Заявление это прозвучало, быть может, несколько высокомерно, но ощущение вернувшейся реальности охватило меня, когда я вспомнил темный альков, спальный мешок, брошенный в углу и двух изумленных молодых японок, согнувшихся над крошечной газовой плиткой.
– А не упоминала ли она, случайно, при тебе о переливании крови, которое я произвел ей в Варанаси? – с нетерпением спросил я Микаэлу, поскольку в том, как она говорила, было нечто, позволявшее мне надеяться, что посредством этой истории мне удастся рассеять туман, окутавший не только то, что я делал, но и мой истинный характер, проявившийся за время путешествия по Индии.
– Конечно, она все мне об этом рассказала, – кивнула Микаэла. – Она всем говорит, что ты спас ее жизнь.
Я был очень тронут. Мне хотелось замереть, позволив этим словам проникнуть до глубины моей души. Этим замечательным словам. И остановиться на этом. Но я уже утратил над собою контроль, а потому, чуть поколебавшись, спросил:
– Ну а ты? Как это показалось тебе? Тебе показалось это правдой или обманом чувств?
Она не удивилась странному моему вопросу. Опять на ее лице появилась смешливая улыбка. Ее лицо не было красивым, если уж говорить правду до конца, но эти огромные сияющие глаза обещали нечто такое, чего не могла дать никакая красота.
– Я думаю, что это чистая правда, и ты действительно спас ее, – ответила она просто, без минуты колебаний и великодушно. И тогда я, не в силах более сдерживать себя, и придя в величайшее возбуждение, потянулся к ней и обнял теми самыми руками, которые Эйнат сочла так вызывающими доверие. Я обнял Микаэлу со всей моей теплотой и так бережно, как только мог, тем не менее стараясь не произнести ни единого слова любви, чтобы не осквернить ту, настоящую любовь, которую я испытывал к другой женщине. Единственное, что я мог себе позволить, это было искреннее, но ни к чему не обязывавшее признание. Я сказал Микаэле (и это было истиной правдой):
– Ты мне нравишься. Очень, очень нравишься. Очень.

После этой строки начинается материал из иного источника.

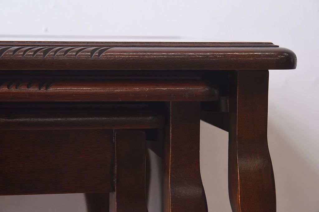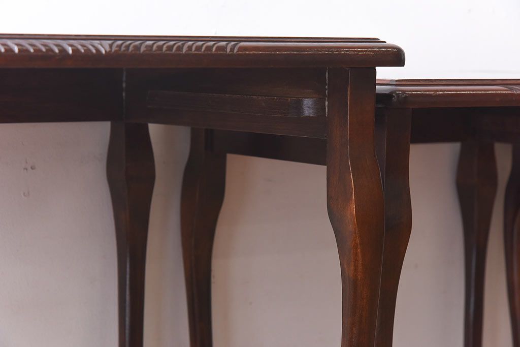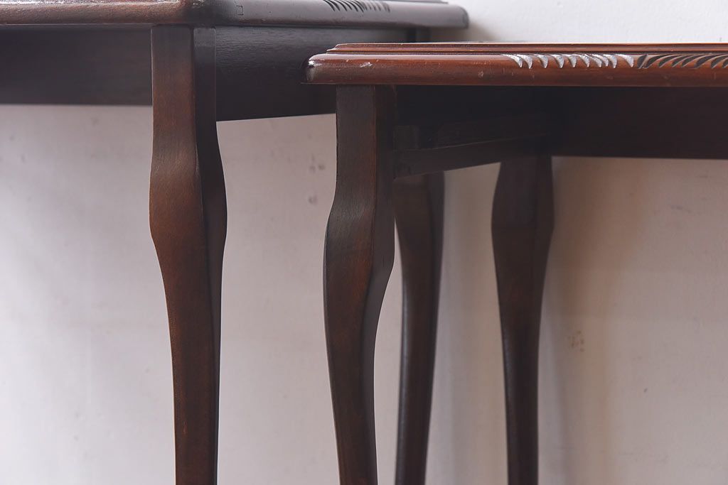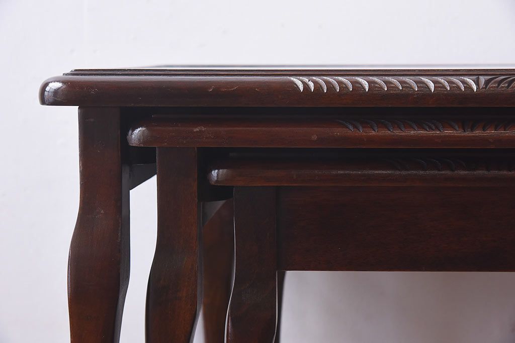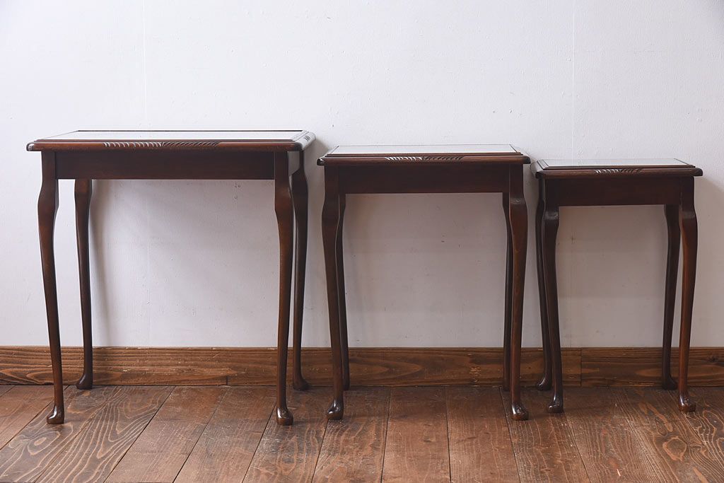 ラフジュ工房> テーブル> ネストテーブル > アンティーク雑貨 イギリス家具 高級感あるレザートップのネストテーブル(入れ子式テーブル、サイドテーブル、コーヒーテーブル、花台)(1)

И погрузив ладони в ее густые кудри, я притянул ее голову к себе и бережно стал целовать ее глаза. Но она движением, выдававшим большой опыт, прильнула своими губами к моим и поцеловала меня долгим, нескончаемым поцелуем, в то время как пение под нами сошло на нет, лужайку снова залило светом, и крики с пожеланием счастья «Mazel tov!» приветствовали пару, появившуюся из ритуального шатра.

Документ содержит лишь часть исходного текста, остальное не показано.